Además de mis propias experiencias, hablé con varias personas y con
profesionales de la salud. Y como cada personaje, Alden es una persona
multidimensional y falible cuyas opiniones no siempre reflejan las de todas
las demás personas neurodiversas. Del mismo modo, las experiencias de
Conrad con sus padres son las suyas propias. Pero demasiados adolescentes
y jóvenes LGBTQIA+ acaban solos, aislados de su familia. Soy un
apasionado partidario de cosas como el Proyecto Trevor, diseñado para
ayudar a estos jóvenes más vulnerables.
Agradecimientos
Este libro no sería posible sin la ayuda y el apoyo de tanta gente. En primer
lugar, gracias a mi agente, Deidre Knight, por creer en este proyecto.

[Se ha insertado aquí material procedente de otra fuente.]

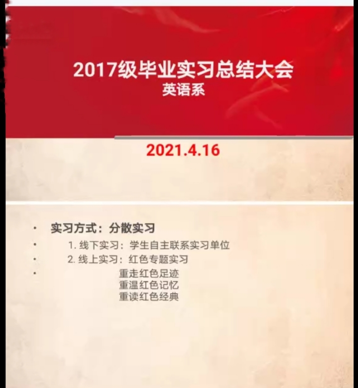 毕业实习负责人肖菊老师及2017级英语系全体同学通过腾讯会议共同参与了此次线上会议。
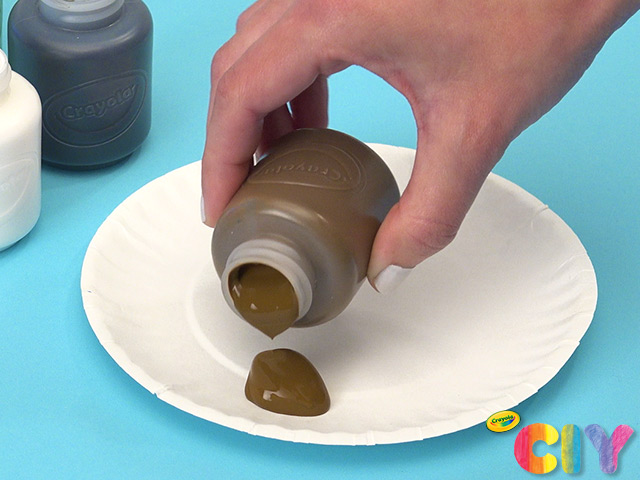 Pour paint colors onto disposable plate.
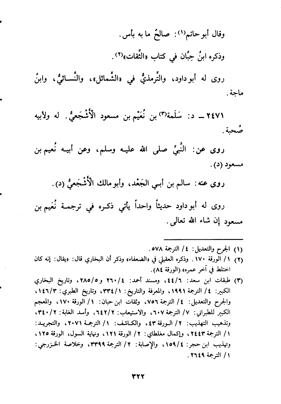 (3) طبقات ابن سعد: 6 / 44، ومسند أحمد: 4 / 260 و5 / 285، وتاريخ البخاري الكبير: 4 / الترجمة 1991، والمعرفة والتاريخ: 1 / 334، وتاريخ الطبري: 3 / 146، والجرح والتعديل: 4 / الترجمة 756، وثقات ابن حبان: 1 / الورقة 170، والمعجم الكبير للطبراني: 7 / الترجمة 607، والاستيعاب: 2 / 642، وأسد الغابة: 2 / 340، وتذهيب التهذيب: 2 / الورقة 43، والكاشف: 1 / الترجمة 2071، والتجريد: 1 / الترجمة 2443، وإكمال مغلطاي: 2 / الورقة 121، ونهاية السول، الورقة 125، وتهذيب ابن حجر: 4 / 159، والاصابة: 2 / الترجمة 3399، وخلاصة الخزرجي: 1 / الترجمة 2649.
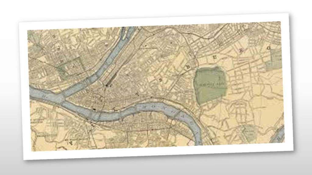 This is a view of the “Forks of the Ohio” at present-day Pittsburgh…
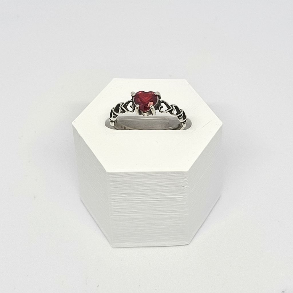 Pedra: Zircônia em formato de coração, cor Rubi/Vermelha
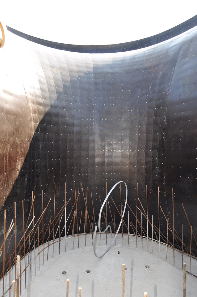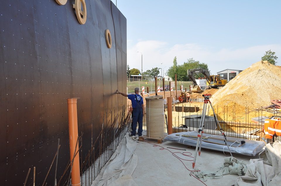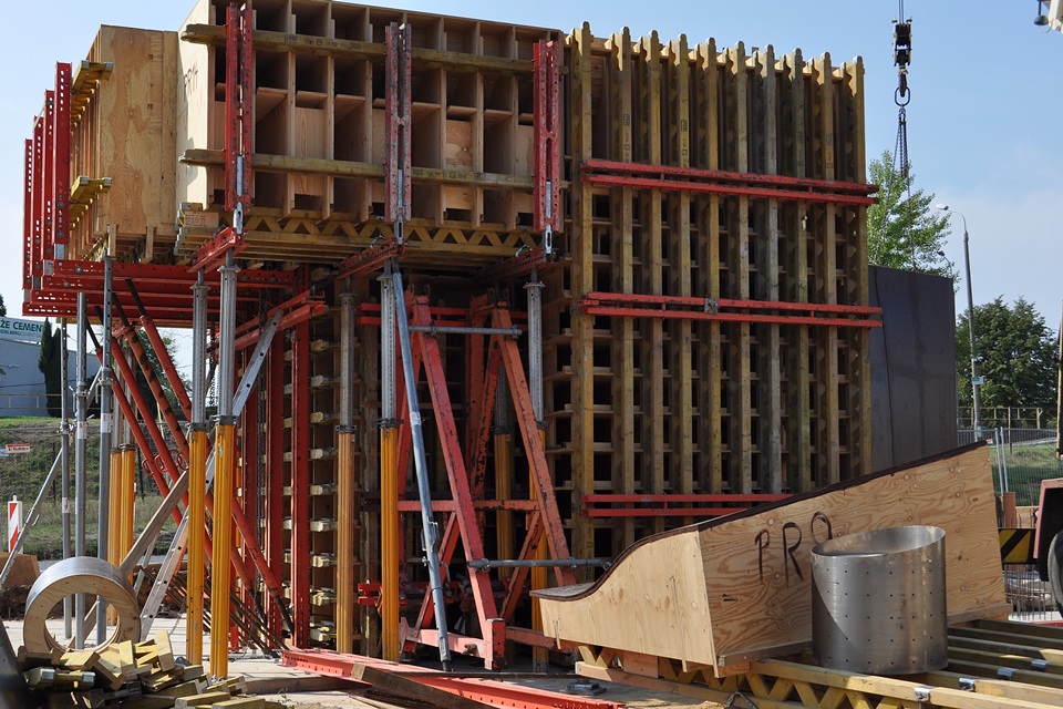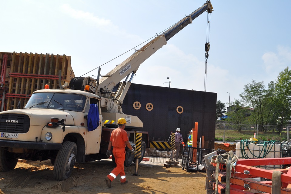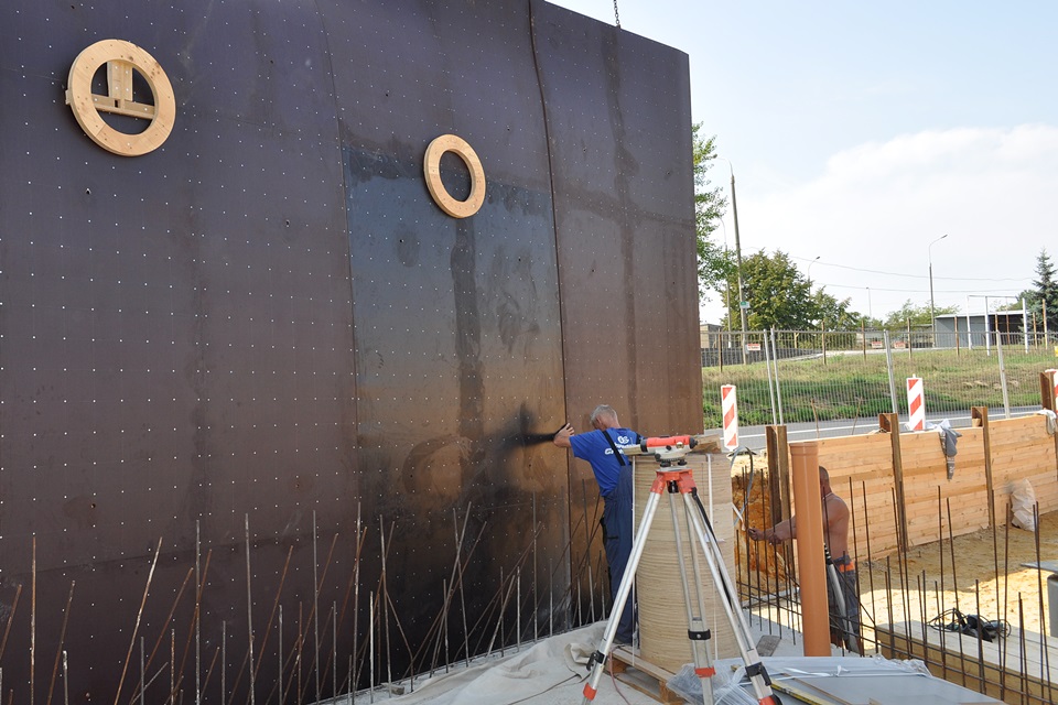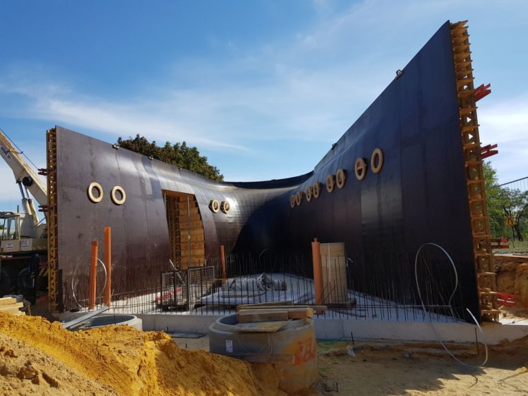 Najpierw postawiono mur oporowy, który dodatkowo odgradza teren przewidziany na miejsca postojowe od fragmentu ulicy Wołowskiej, także planowanej do przebudowy. Ostatnio zaś pojawił się dziób z szalunków. Ponieważ kadłub pozaginany jest w trzech płaszczyznach, okazało się, że do budowy dziobu najlepiej będzie wykorzystać te same metody, co przy budowie prawdziwych statków.
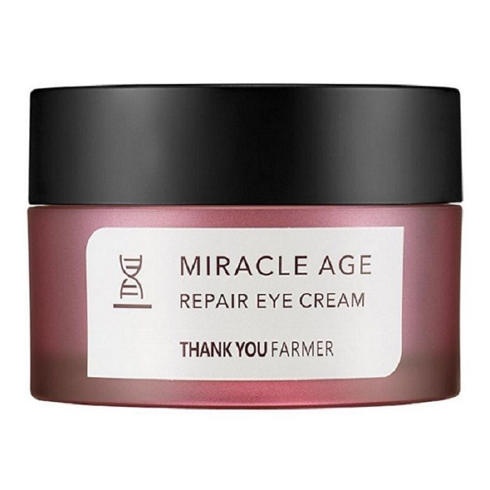 Защитете деликатната кожа под очите с крема Miracle Age от колекцията на THANK YOU FARMER. Този мощен крем за очи запълва тънкия слой кожа под очите с помощта на богатите си, овлажняващи съставки и хранителните вещества против стареене. Интензивно концентрирана формула с кремообразна текстура, съдържаща масло от шеа, за овлажняване и защита на деликатната кожа, докато екстрактът от корен от Кудзу, спомага увеличаването на колагена и на кожата да стане стегната. Екстрактът от божур осигурява антиоксидантна защита за предотвратяване на уврежданията от свободните радикали;

Después, gracias a Mary Altman y a todo el equipo de Sourcebooks por
haber dado un hogar a este libro y por haberme dado la libertad de dar vida
a esta historia. Agradezco especialmente a los departamentos de arte y
publicidad por sus incansables esfuerzos en favor de sus autores. Cada libro
es un viaje, y ese viaje nunca se completa con el primer borrador. Estoy
excepcionalmente agradecida a Mary y al resto del equipo de edición por
haberme empujado a profundizar en la historia, a afinar realmente en los
elementos centrales de su viaje, y a ayudarme a hacer de esto algo de lo que
estoy muy orgullosa de compartir. Edie Danford, Wendy Qualls, Karen
Stivali y Melinda Reuter leyeron los primeros borradores y me aportaron
ideas fabulosas que enriquecieron el producto final. También estoy
agradecida a quienes hablaron conmigo de forma anónima sobre la
neurodiversidad y que me ayudaron con el viaje de Alden en particular. Mi
familia aguantó un montón de noches y de interacciones agitadas durante la
escritura y la edición de este libro, y estoy eternamente agradecida por su
apoyo y entusiasmo por este proyecto. Toda la familia me ayudó con la
lluvia de ideas sobre los detalles del juego, y estoy muy contento de que el
libro nos haya unido de esa manera. Por último, gracias a todos los libreros
y bibliotecarios que nos ayudan a llevar nuestras historias a los lectores. A
todos los lectores que comparten nuestro trabajo: cada comentario, acción,
“me gusta”, reseña, mención y otro tipo de apoyo marcan la diferencia en el
mundo. Un agradecimiento especial a los blogueros, reseñadores e
instagramers que participan en las giras, reseñan incansablemente,
fotografían artísticamente y hacen que nuestra comunidad de libros sea un
lugar tan vibrante. Y gracias por leer: sin lectores, no podría haber libros, y
estoy agradecida por todos y cada uno de los lectores.